News circulated on Friday that a patient at Howard University Hospital in the nation’s capital also was hospitalized with Ebola-like symptoms after returning from a trip to Nigeria, but tests subsequently ruled out the virus as the cause of the patient’s illness.
Bryant’s office said that state agencies involved in the preparations will brief the governor on Wednesday at the State Emergency Operations Center.
The disease is surging through Guinea, Liberia and Sierra Leone faster than health authorities have been able to respond. While current estimates put the number of those afflicted in the thousands, the CDC has said that its worst-case computer model showed that, absent an effective response, 1.4 million people in Liberia and Sierra Leone will contract it by Jan. 20.
Michael Osterholm, head of the University of Minnesota’s Center for Infectious Disease Research and Policy, likened the worsening epidemic to a forest fire that has been allowed to burn unattended for days.
In an article in Politico last week, he wrote that West African migrant workers who help with the harvest from May to October are now likely to spread the disease to as many as a half dozen neighboring countries. In the coming weeks, Osterholm said, they will wind their way from their villages, crossing borders along little-known trails. They’ll take temporary jobs in gold mines, cocoa nut and palm plantations, and illicit charcoal production operations, he said. They may be infected and not know it, because the virus’ incubation period extends up to 21 days before symptoms appear.
Mississippi remains an unlikely destination for Ebola victims.
Dobbs said that while a few health care providers and other state residents returned from West Africa over the summer, current travel restrictions seem to have halted such trips. Mississippi church groups that arranged missions to West Africa last year appear to have canceled any plans to do so this year, he said.
Nonetheless, Dobbs said his office has been preparing Mississippi medical providers for the Ebola threat for months, since the CDC began warning about the latest outbreak in Africa.
“We have a step-by-state guide for what to do if an Ebola suspect walks through the door,” he said. “We have links and information and guidance for every step of the chain for identifying who’s at risk, identifying what testing needs to be done, and all procedures in the hospital, including isolation, environmental care, waste disposal.”

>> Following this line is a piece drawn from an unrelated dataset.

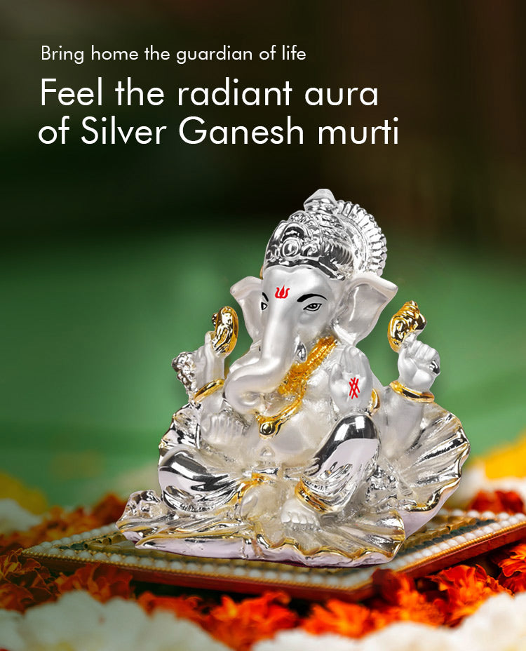 Diviniti 999 Silver Plated Ganesha Idol for Home Decor Showpiece
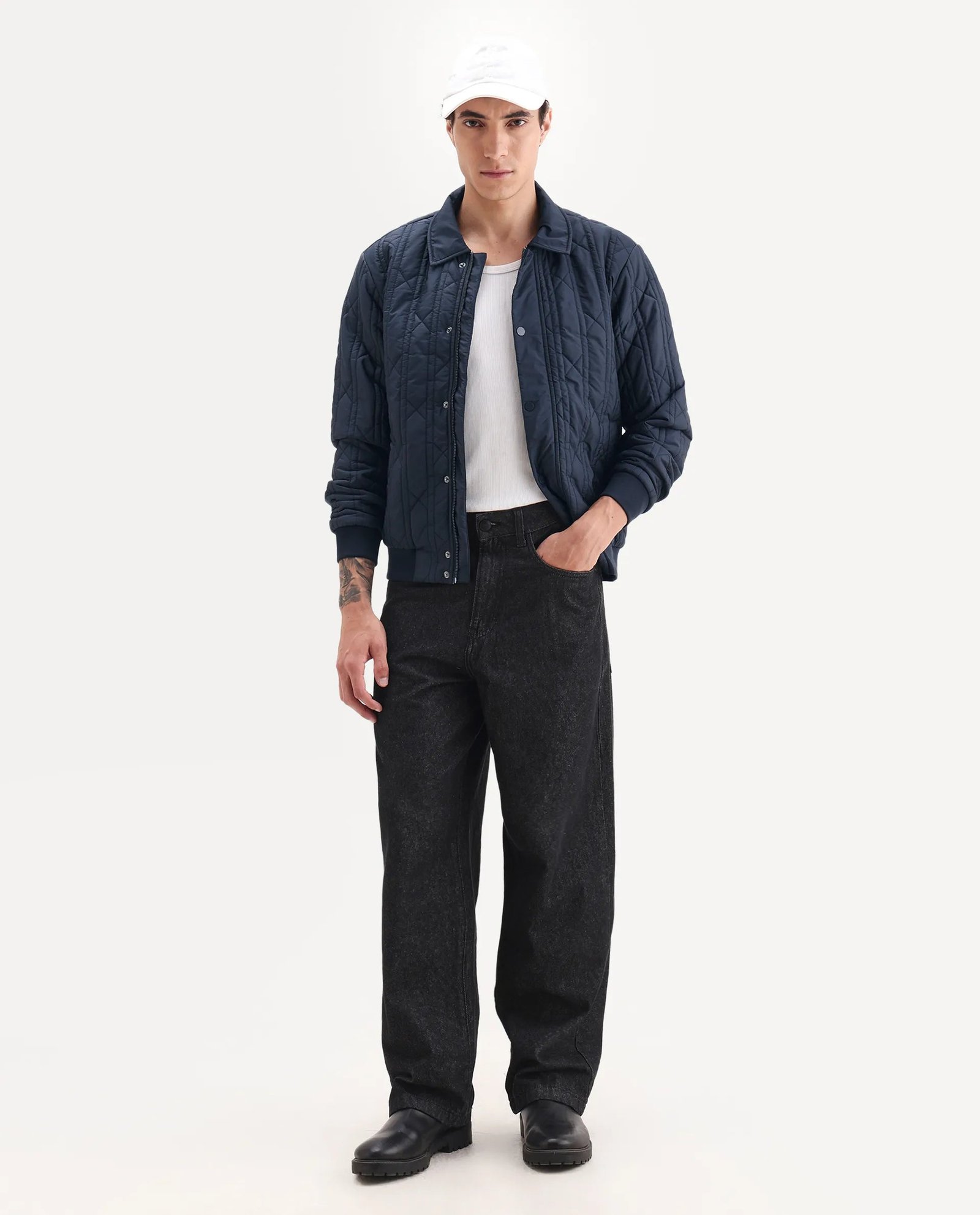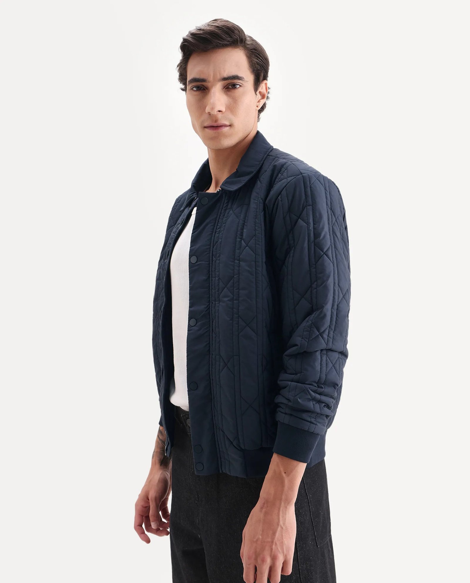 Crafted from durable polyester. the Rare Rabbit Men’s Boscod jacket offers a relaxed fit with a collared neck design. ensuring comfort and style. Its dark navy color paired with a subtle geometric print adds a modern. sophisticated edge suited for versatile wear. Ideal for layering. this jacket balances functionality with contemporary aesthetics.

Dobbs’ office has has tailored its own guidelines for health care workers, but ensures that any CDC alerts about Ebola developments are circulated round-the-clock.

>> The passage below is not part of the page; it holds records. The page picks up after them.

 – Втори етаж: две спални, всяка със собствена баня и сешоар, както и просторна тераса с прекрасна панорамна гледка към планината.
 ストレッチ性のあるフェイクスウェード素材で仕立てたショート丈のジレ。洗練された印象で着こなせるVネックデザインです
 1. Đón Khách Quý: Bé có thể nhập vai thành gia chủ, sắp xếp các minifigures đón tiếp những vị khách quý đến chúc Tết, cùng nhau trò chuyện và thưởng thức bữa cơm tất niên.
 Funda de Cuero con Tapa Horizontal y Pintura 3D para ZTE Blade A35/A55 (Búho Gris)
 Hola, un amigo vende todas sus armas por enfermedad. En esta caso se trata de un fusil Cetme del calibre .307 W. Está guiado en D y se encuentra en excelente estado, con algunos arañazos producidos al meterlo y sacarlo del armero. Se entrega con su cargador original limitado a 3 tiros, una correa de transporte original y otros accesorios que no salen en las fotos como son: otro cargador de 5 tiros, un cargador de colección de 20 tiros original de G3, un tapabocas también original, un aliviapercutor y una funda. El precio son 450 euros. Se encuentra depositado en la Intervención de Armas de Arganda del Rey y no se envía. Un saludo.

He also is preparing for worst-case scenarios that could involve quarantining anyone exposed to an Ebola patient until the 21-day incubation period passes.
Another component, he said, would entail monitoring any workers who were exposed to an Ebola patient without wearing protective equipment so that “they could not subsequently transmit the disease if, in fact, they do become infected.”
“We’re worried enough to be prepared,” Dobbs said, “but we’re not panicked.”